The discriminator uses Conv2D layers to downsample images and classify them as real or fake.

model = Sequential()
model.add(Conv2D(64, kernel_size=4, strides=2, padding='same', input_shape=(64, 64, 3)))
model.add(LeakyReLU(alpha=0.2))
model.add(Conv2D(128, kernel_size=4, strides=2, padding='same'))
model.add(LeakyReLU(alpha=0.2))
model.add(Flatten())
model.add(Dense(1, activation='sigmoid'))

GAN Training

The discriminator and generator are compiled separately:

discriminator.compile(loss='binary_crossentropy', optimizer=Adam(0.0002, 0.5), metrics=['accuracy'])

# Freeze discriminator weights during generator training
discriminator.trainable = False

# Combined GAN model
gan_input = Input(shape=(100,))
generated_image = generator(gan_input)
gan_output = discriminator(generated_image)
gan = Model(gan_input, gan_output)
gan.compile(loss='binary_crossentropy', optimizer=Adam(0.0002, 0.5))

Training Loop

for epoch in range(epochs):
    # Sample real images
    real_imgs = dataset.next()
    # Generate fake images
    noise = np.random.normal(0, 1, (batch_size, 100))
    fake_imgs = generator.predict(noise)

    # Train discriminator
    d_loss_real = discriminator.train_on_batch(real_imgs, real_labels)
    d_loss_fake = discriminator.train_on_batch(fake_imgs, fake_labels)

    # Train generator
    noise = np.random.normal(0, 1, (batch_size, 100))
    g_loss = gan.train_on_batch(noise, real_labels)

    # Save generated images for monitoring
    if epoch % sample_interval == 0:
        save_generated_images(generator, epoch)

Results

Images are saved every 10 epochs showing gradual improvement.
Early outputs are noisy; mid-to-late training shows better-defined anime facial structures.
DCGAN successfully learns to generate convincing anime faces with minimal architectural complexity.

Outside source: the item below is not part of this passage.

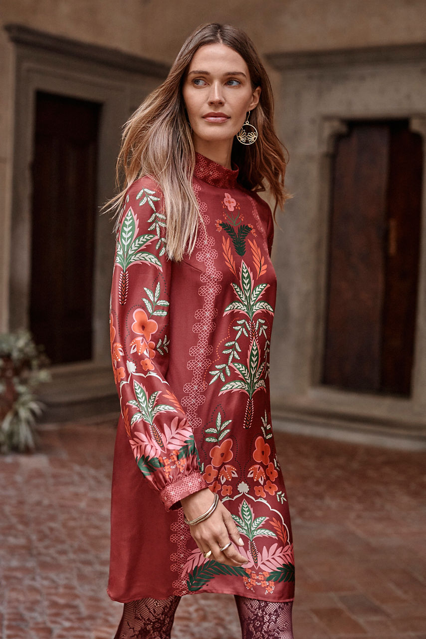 Crafted from a unique silk blend, the Kalova Mini Dress is adorned with bold color and a brilliant floral pattern. Featuring a mandarin collar and long sleeves with gathers at the cuffs, this dress is finished with a relaxed bodice and a keyhole detail at the back. Pair with pumps and ornate gold jewelry for an evening out.

This project demonstrates how a DCGAN built with Keras and TensorFlow can effectively generate realistic anime-style faces from random noise. By leveraging transposed convolutions in the generator and convolutional layers in the discriminator, the model learns to produce increasingly detailed images over time. While basic in architecture, the results highlight the potential of GANs in creative AI applications. With further improvements such as advanced loss functions, deeper networks, and richer datasets, the quality and diversity of generated outputs can be significantly enhanced.